The model was able to successfully reproduce transient speech category recalibration using empirically motivated update equations that include two hierarchically related parameters with different learning and decaying timescales. The fast changing variable is driven by current sensory prediction errors, and the more slowly changing one also driven by prediction errors but with a slower learning rate and hence acting as a longer-span buffer (Figure 5; Equation (8)). As a result, the parameter controlling the model expectations decays toward the longer-term parameter after a transient change driven by the current sensory prediction error. After a fused McGurk trial, the acoustic representation of /ada/ is shifted towards that of acoustic/aba/(Figure 3A), which increases the chances of an acoustic /aba/ to be mis-categorized as ‘ada’ (Figure 3B). Since the recalibration decays over time, the mis-categorization is most prominent for the acoustic /aba/ immediately following the McGurk fusion. On the other hand, because the decay drifts towards a more slowly changing ‘version’ of the /ada/ category, the model can also accommodate a more persistent accumulated adaptation as experimentally observed (Bertelson et al., 2003; Vroomen et al., 2007).

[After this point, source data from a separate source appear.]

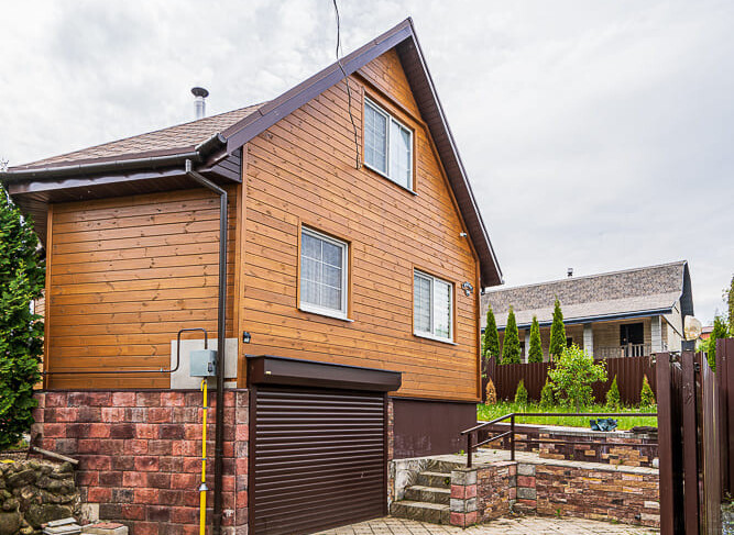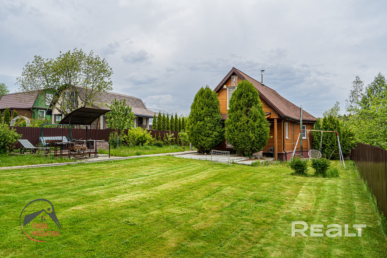 Дом располагается на участке в 7 соток. На территории имеется баня с купелью, зона барбекю с беседкой, небольшое футбольное поле и парковка для машины.
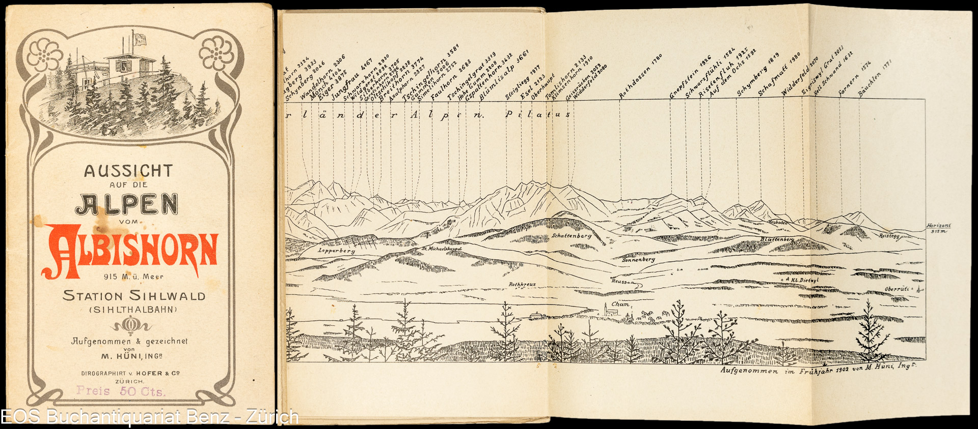 Hüni, M.: Aussicht auf die Alpen vom Albishorn 915 M. ü. Meer. Station Sihlwald (Sihltthalbahn). Aufgenommen und gezeichnet von M. Hüni. Zürich, 1902. gef. Panorama: 11 x 177 cm. Blattgrösse: 17,5 x 182 cm.
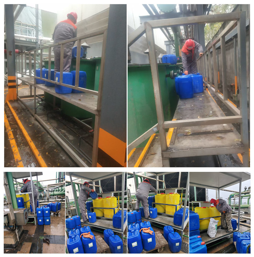 根據(jù)此次工業(yè)循環(huán)水外觀及藻類生長情況,水質(zhì)依舊清澈見底,技術(shù)員便按規(guī)范依次加入殺菌滅藻劑和緩蝕阻垢劑,順利完成此次工業(yè)循環(huán)水處理加藥巡檢工作。
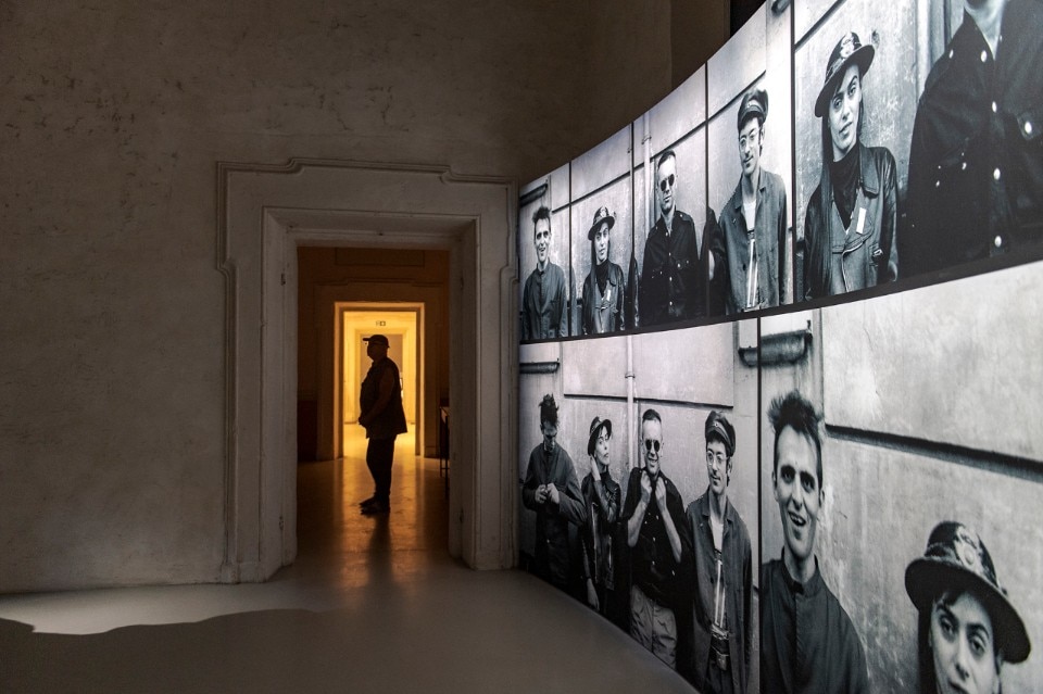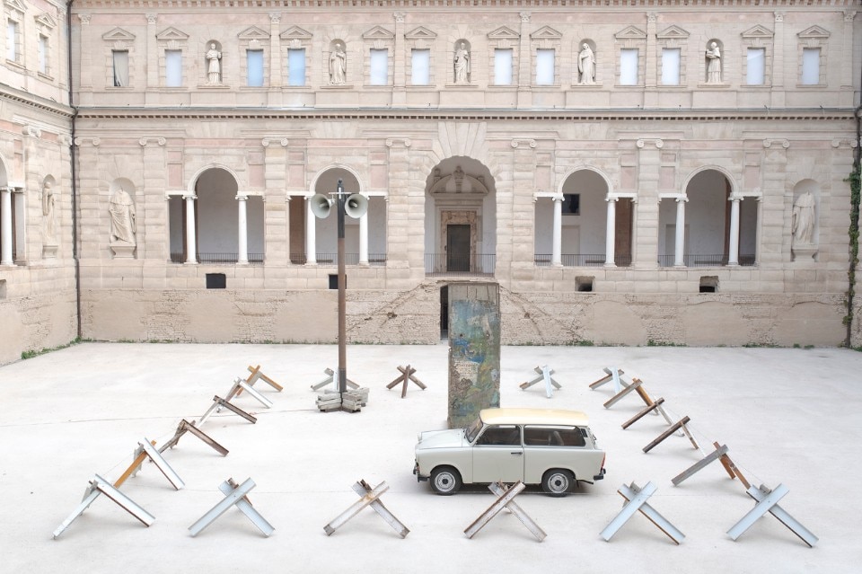 Speaking of '89: a portion of the Berlin Wall towers seraphically beside an old Trabant to welcome the visitors, ripping through the silence of the cloisters with its iconographic force.

The model, which encompasses both the perceptual decision and the recalibration processes, is also consistent with activity observed in auditory cortex (Lüttke et al., 2016a). When the acoustic-only /aba/ was presented after a fused McGurk, fMRI activity in auditory cortex is more frequently classified as ‘ada’ by a learning algorithm trained to distinguish correctly identified acoustic /aba/, /ada/ and /aga/. The intermediate level in our perceptual model corresponds to the representation of acoustic features in auditory cortex and visual features in extrastriate visual cortex. In our model the amplitude of the 2nd formant transition (the acoustic feature that is most important for the aba/ada contrast) results from a combination of bottom-up sensory information and top-down predictions (Equations 1, 2). Since there are more /aba/ sounds perceived as ‘ada’ after a fused McGurk, the top-down predictions during the perceptual process are dominated by the /ada/ category, that is, our generative model predicts that activity in auditory cortex should be closer to /ada/ for acoustic /aba/ following fused McGurk trials, as shown by the fMRI data.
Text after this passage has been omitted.